Hypo moved to foreclose on parts of Base Village last month, saying borrowers had missed payments on their loan. The project, developed by a partnership including Related Cos., WestPac Investments Colorado LLC, JER Partners and a unit of Dubai World, has since gone into receivership.
Avoiding ‘Fire Sale’
The developers filed suit this month against Hypo and its three partners, all European lenders, seeking more than $406 million in damages for “a transparent effort to evade their contractual obligations.” They are DekaBank Deutsche Girozentrale, the fund manager for Germany’s state-owned savings banks; Denmark’s Danske Bank A/S, which took over from Lehman Brothers Holdings Inc. after the Wall Street firm went bankrupt; and KBC Groep NV, Belgium’s biggest bank and insurer by market value.
“The Germans realize it’s difficult to manage these assets but don’t want to be embarrassed by a fire sale,” said Steven Kaplan, a professor of finance at the University of Chicago’s Booth School of Business. “They may look to partner with private managers while retaining some ownership, which would get them liquidity, experience and preserve some of their upside. We’re talking about a lot of distressed U.S. assets that should attract a number of big private-equity firms.”

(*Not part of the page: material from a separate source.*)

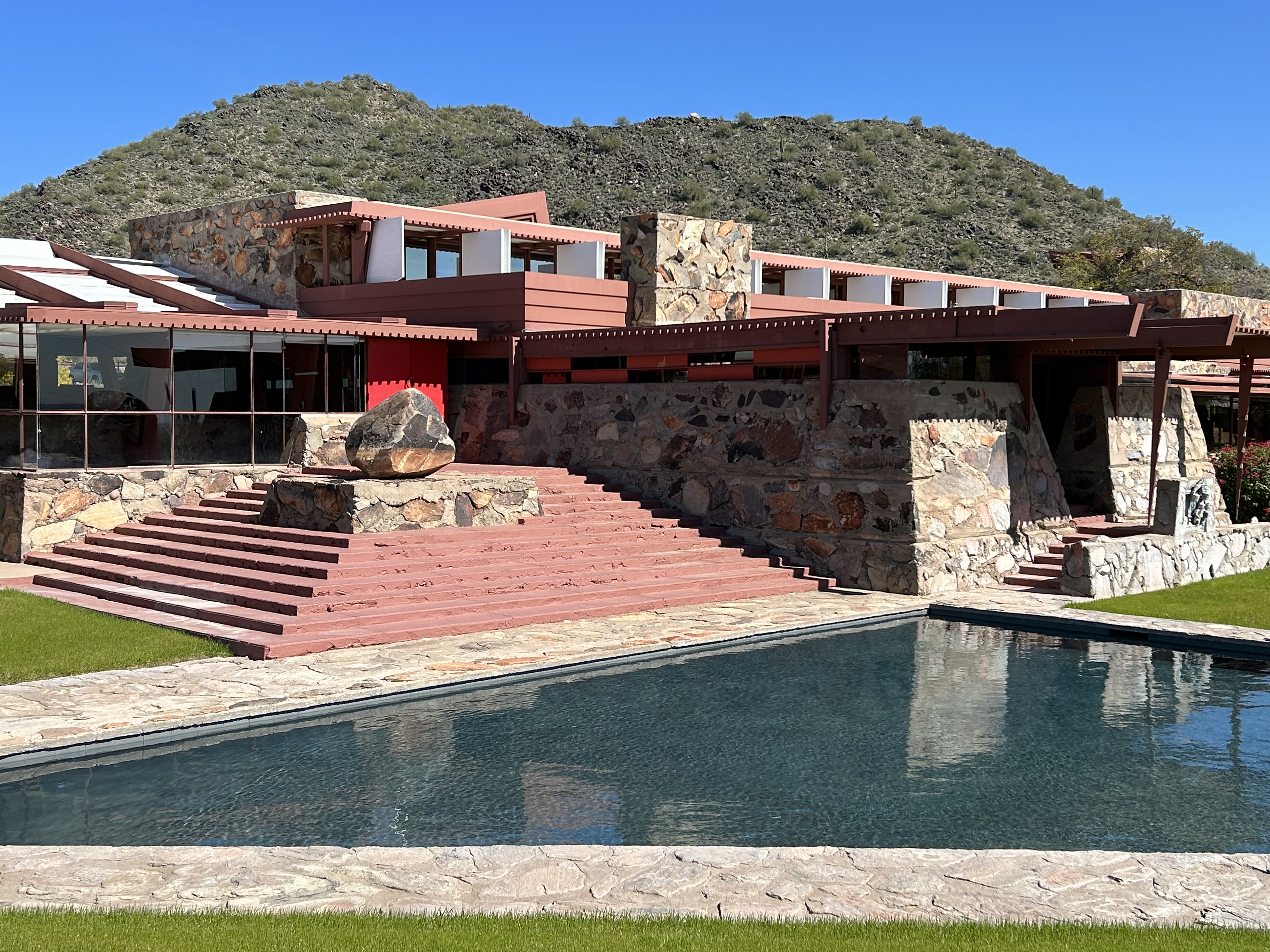 Frank Lloyd Wright’s winter home until his death in 1959, this World Heritage site is a remarkable example of his architecture. The architect preferred to build just below the top of a hill, on the ‘brow’ or taliesin in Welsh. The triangular pool brings the background mountains into the foreground, and the front walk forms a point like the bow of a ship to admire distant mountains, like islands across the undulating desert landscape where cholla cactus looks like coral. Besides the bright red door behind the rock and the small ornately carved scene to the right, there are Chinese influences throughout, including many more carvings, an elaborate story panel, a round garden door, a bell, a dragon and other architectural touches. Inside you can sit in his origami chairs and study the internal structure of a nautilus or the draft blueprint of the Guggenheim. Wright brought his students and apprentices to live and work, and he established an institute dedicated to his school of architecture. Situated in the tony Scottsdale neighborhood, the audio tour of the property is detailed, takes you around step by step and explains his architectural philosophy. Guided tours are also available, and schedules & numbers are strictly limited to keep a steady flow through the small parking lot and on the tours.
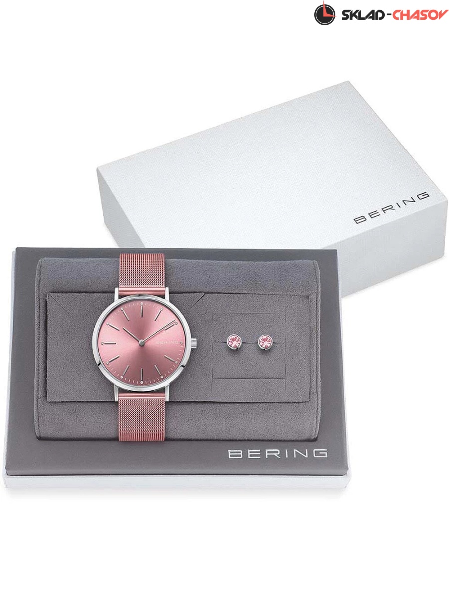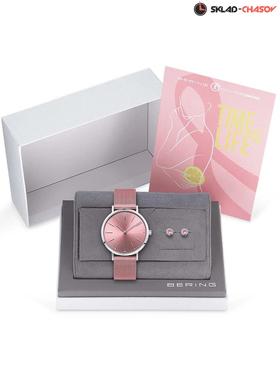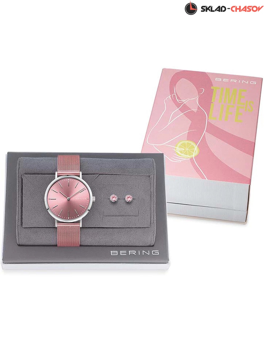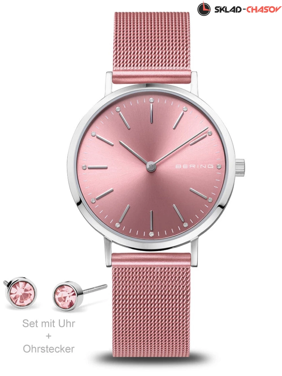 Розовый циферблат с гильошированием в виде солнечных лучей.

The banks and the developers all declined to comment on the pending litigation.
Goldman Sachs, Lone Star
At FMS Wertmanagement, the so-called bad bank at Hypo in charge of winding down assets no longer considered strategic, co-heads Christian Bluhm, a 40-year-old former Credit Suisse Group AG banker, and Ernst-Albrecht Brockhaus, 50, must decide how to manage the loans. Kirsten Bradtmoeller, a spokeswoman for Germany’s Soffin bank-rescue fund that owns Hypo, declined to comment, as did Brockhaus and Bluhm.
Bluhm, who spent six years at Zurich-based Credit Suisse and has a background in risk management, and Brockhaus, who is joining Hypo next month from Bayerische Landesbank, Germany’s second-biggest state-owned lender and itself the recipient of 10 billion euros of government rescue funds, have three main choices, according to Kaplan.

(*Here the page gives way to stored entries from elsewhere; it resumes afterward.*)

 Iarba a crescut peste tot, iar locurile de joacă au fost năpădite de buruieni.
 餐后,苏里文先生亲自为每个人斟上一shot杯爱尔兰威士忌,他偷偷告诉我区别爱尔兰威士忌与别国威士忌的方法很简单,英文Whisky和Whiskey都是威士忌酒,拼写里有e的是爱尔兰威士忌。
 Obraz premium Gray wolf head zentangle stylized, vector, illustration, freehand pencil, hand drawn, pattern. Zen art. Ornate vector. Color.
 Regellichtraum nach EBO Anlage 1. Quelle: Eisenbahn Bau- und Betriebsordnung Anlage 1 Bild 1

They can keep overseeing the loans and manage workouts on their own; sell them for cash, probably at a substantial discount; or partner with private managers, as the U.S. Federal Deposit Insurance Corp. has done, according to Kaplan.

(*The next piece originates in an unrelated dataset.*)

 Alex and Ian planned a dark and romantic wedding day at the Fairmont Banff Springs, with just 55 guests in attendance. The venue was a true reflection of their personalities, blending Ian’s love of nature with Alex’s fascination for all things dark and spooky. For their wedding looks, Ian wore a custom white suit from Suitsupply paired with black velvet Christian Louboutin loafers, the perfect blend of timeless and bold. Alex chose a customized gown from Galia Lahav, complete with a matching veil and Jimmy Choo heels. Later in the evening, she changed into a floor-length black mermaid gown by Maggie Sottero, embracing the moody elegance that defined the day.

“A major challenge for the bad bank will be to enlist enough management know-how to face potential buyers,” said Stefan Homburg, a professor for public finance at the University of Hannover. Bidders may include such firms as Goldman Sachs Group Inc. and Lone Star Funds, the Texas-based buyer of distressed assets, Homburg said.
‘Awesome’ Snowmass Prospects
Hypo was formed in 2003, when Munich-based lender HVB Group spun off its commercial real estate operations to help shield itself from loan losses and boost its capital ratio. Following HVB Group’s takeover by Italian lender UniCredit SpA in 2005, Hypo Real Estate replaced its former parent in the German benchmark DAX Index.
“Hypo went into many markets and expanded without having any on-site know-how,” said German lawmaker Gerhard Schick, who sat on the government’s committee investigating Hypo. “I still don’t see that they have the know-how. The bank should take more of a European perspective and pull back from the U.S.”
Back in Colorado, a foreclosure sale for parts of the Base Village is set for Nov. 17. The foundation of the unfinished 30- unit Little Nell Residences at Snowmass, shrouded in plastic, will probably be outfitted with a facade that blends with surrounding buildings in time for this year’s ski season, according to Roget Kuhn, 40, a local real estate broker who is selling units in the Base Village.
“It’s good news that there seems to be some path forward,” said Kuhn, whose offerings include a two-bedroom, two-bath penthouse for $1.25 million. “The truth is that this is a great opportunity for anyone who loves skiing. In the long run, this project will be awesome.”